Lead-Free Metal Halide Perovskites for Hydrogen Evolution from Aqueous Solutions

Vincenza Armenise  1 Silvia Colella  2 Francesco Fracassi  1   2 Andrea Listorti  1
Affiliations
Review

Lead-Free Metal Halide Perovskites for Hydrogen Evolution from Aqueous Solutions

Vincenza Armenise et al. Nanomaterials (Basel). .

Abstract

Metal halide perovskites (MHPs) exploitation represents the next big frontier in photovoltaic technologies. However, the extraordinary optoelectronic properties of these materials also call for alternative utilizations, such as in solar-driven photocatalysis, to better address the big challenges ahead for eco-sustainable human activities. In this contest the recent reports on MHPs structures, especially those stable in aqueous solutions, suggest the exciting possibility for efficient solar-driven perovskite-based hydrogen (H2) production. In this minireview such works are critically analyzed and classified according to their mechanism and working conditions. We focus on lead-free materials, because of the environmental issue represented by lead containing material, especially if exploited in aqueous medium, thus it is important to avoid its presence from the technology take-off. Particular emphasis is dedicated to the materials composition/structure impacting on this catalytic process.

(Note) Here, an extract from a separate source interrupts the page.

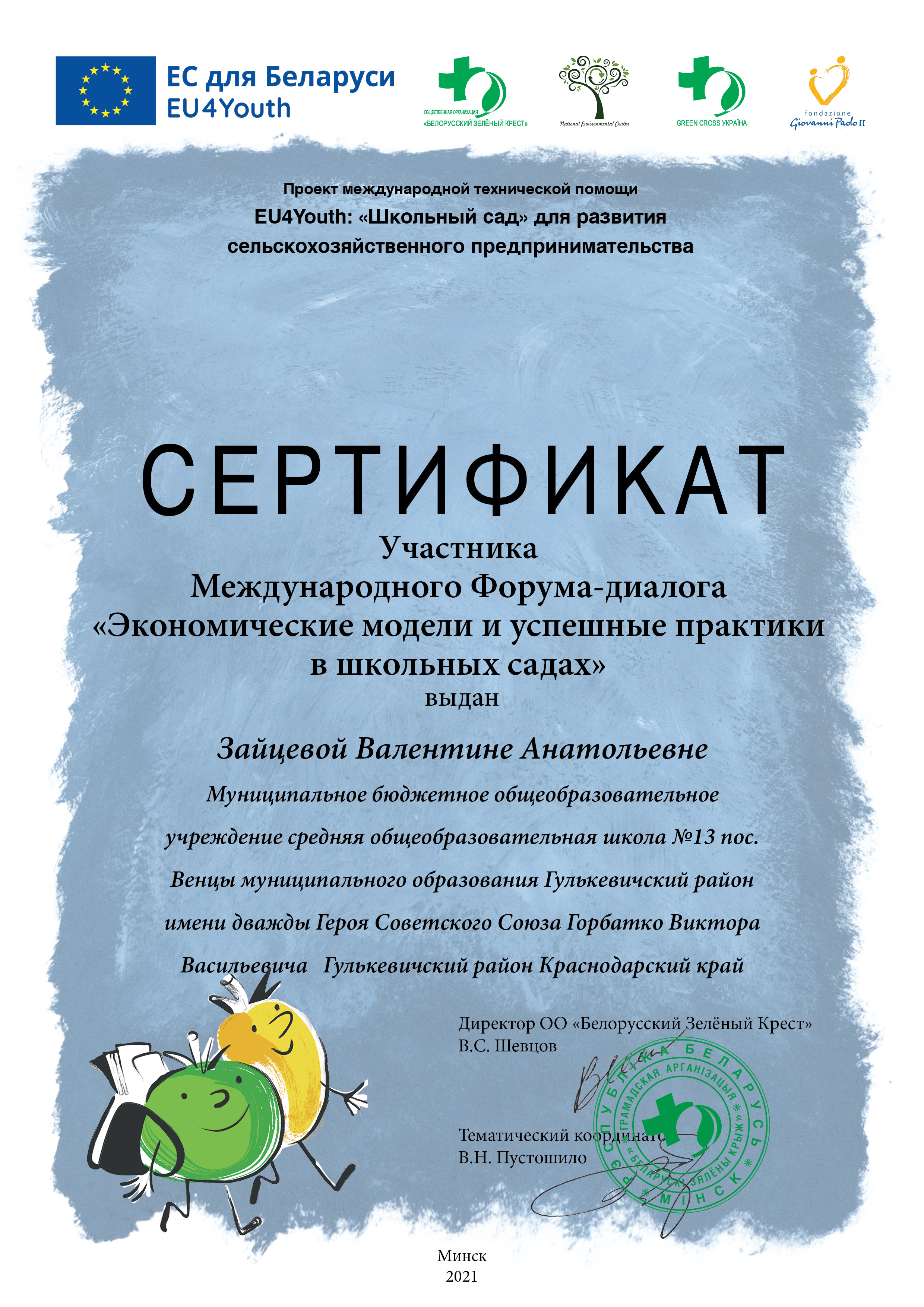 -сертификат участника форума-диалога: Зайцева В.А., Чернышев А.Н

The rationalization of the distinctive traits characterizing MHPs-based H2 production could assist the future expansion of the field, supporting the path towards a new class of light-driven catalysts working in aqueous environments.

Keywords: aqueous solutions; lead-free; materials properties; metal halide perovskites; photocatalysis; solar-driven hydrogen evolution; water-stable.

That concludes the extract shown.